The short-term relief of putting off unpleasant tasks quickly wears off, and in the end, feelings of guilt, shame, and self-directed anger arise. None of these emotions motivate people to take action, says Dr. Sirois. Studies found that they just give an extra level of negative emotions to the task, increasing the chances of procrastinating again.
Interesting Facts and Statistics About Procrastination
In recent years, researchers have hypothesized that procrastination has increased. Technology has been a contributing factor. In Dr. Steel’s book, The Procrastination Equation, he says that some people name procrastination as the defining feature of their personalities. In the 1970s, about 5% of people made this claim, and today, the number has risen to 20%.

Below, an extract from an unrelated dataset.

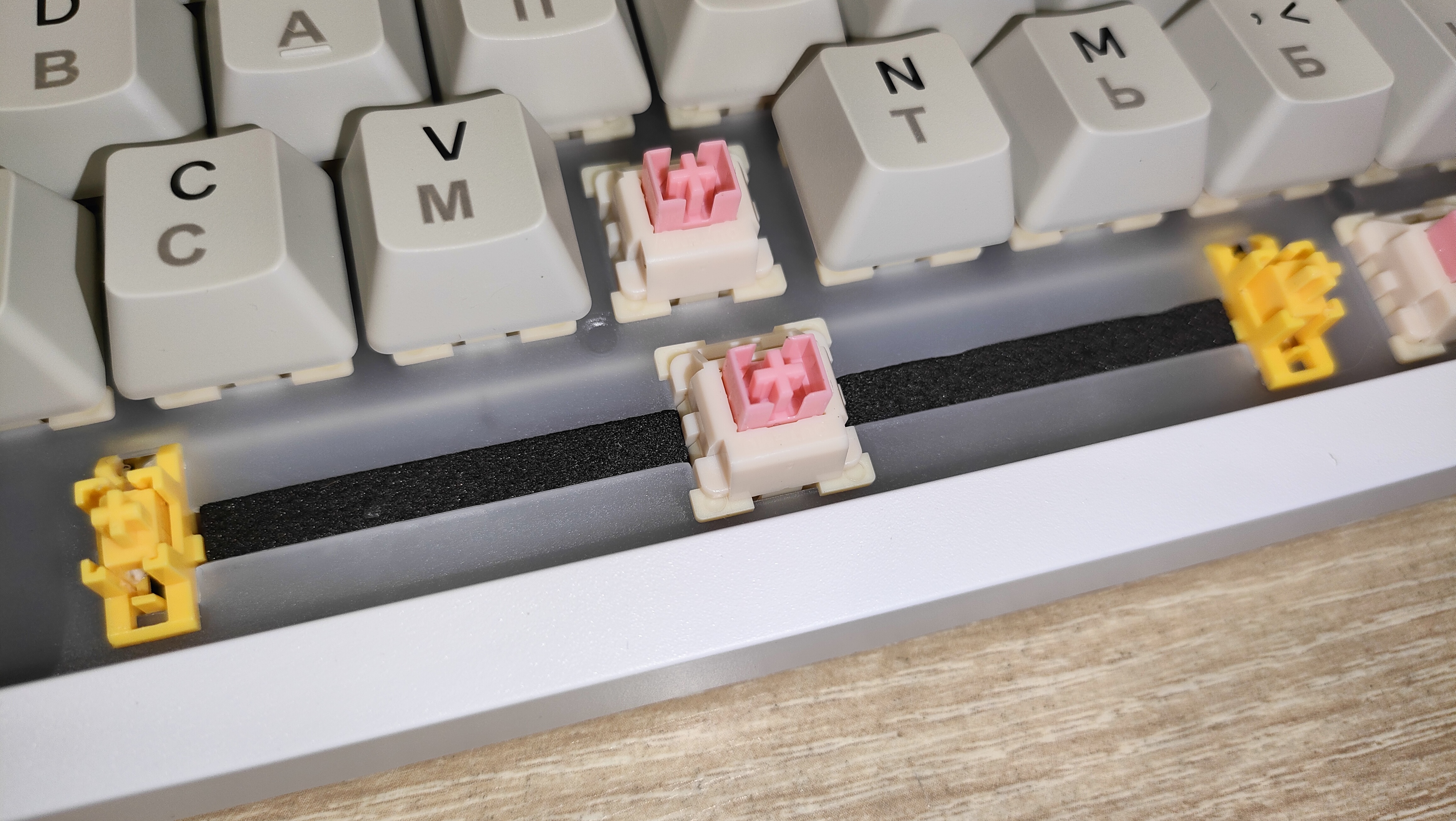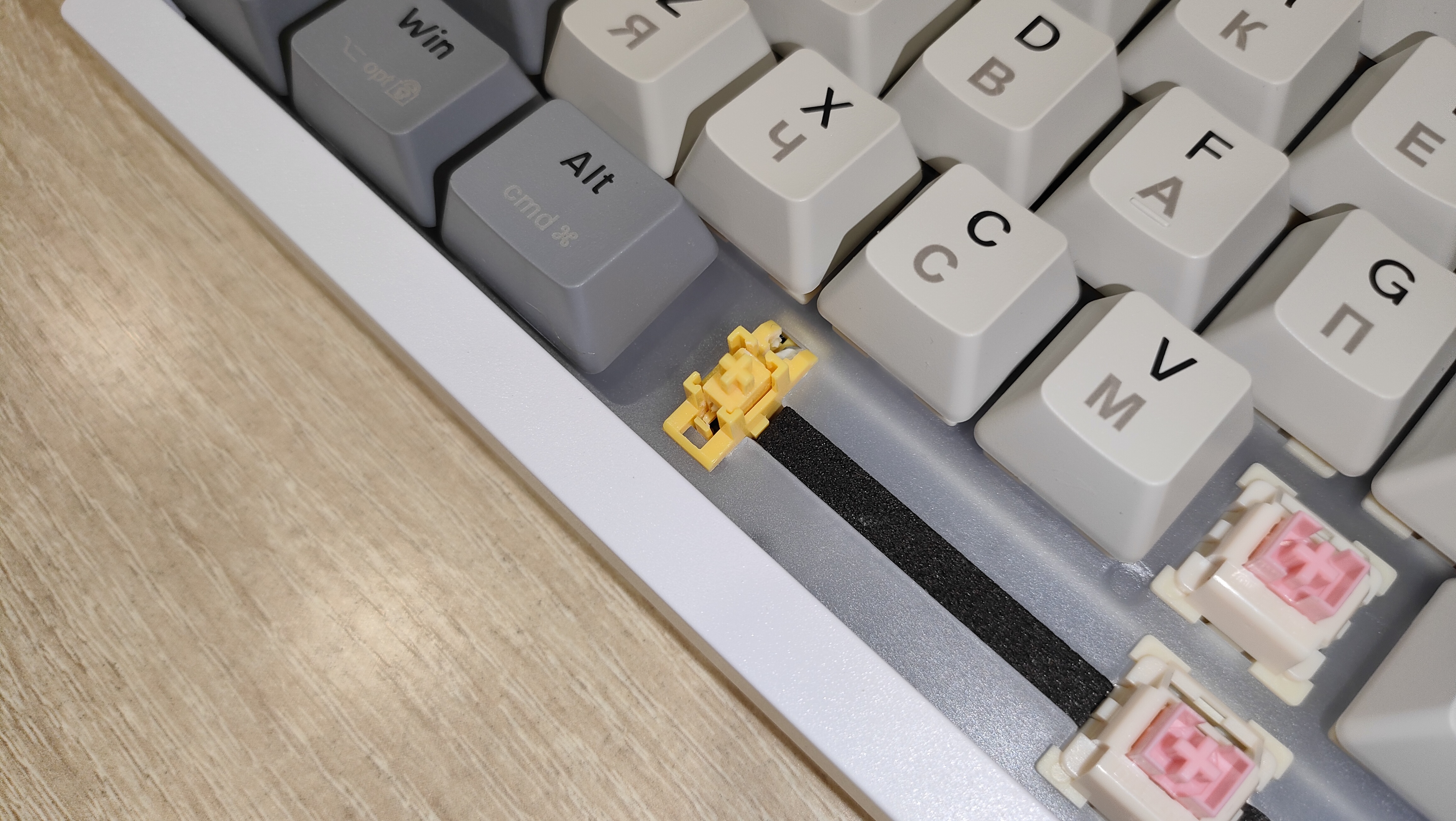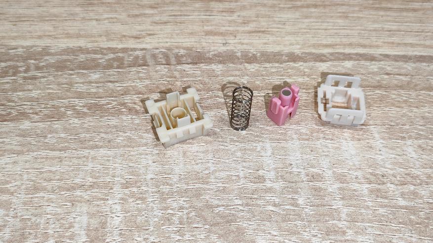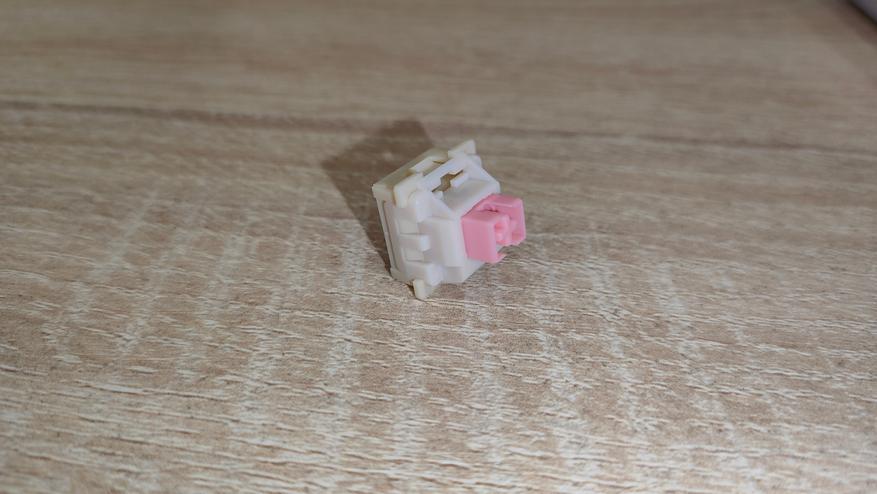 Переключатели Outemu Pink Beige, параметры стандартные линейные, ход 2-4 мм, но он настраивается, усилие 40 г вначале и 60 грамм в пике. Все смазано.

A new white paper from 2022 by The Policy Institute, King’s College London, says that half of the people in the world often check their phones to procrastinate. According to more recent research, 75% of college students now consistently delay things. [6]
Interesting polls reveal statistics about procrastination in the USA [7]:
- Most Americans delay home tasks, exercise, and medical visits
- 2/5 of Americans feel they’d procrastinate less without social media
- Lack of motivation is the main reason Americans procrastinate
- Utah, Oklahoma, and Idaho residents procrastinate the most
As for the world statistics, it is known that Japanese students had the highest scores, followed by Taiwanese students, Hong Kong students, Americans, Australians, and New Zealanders.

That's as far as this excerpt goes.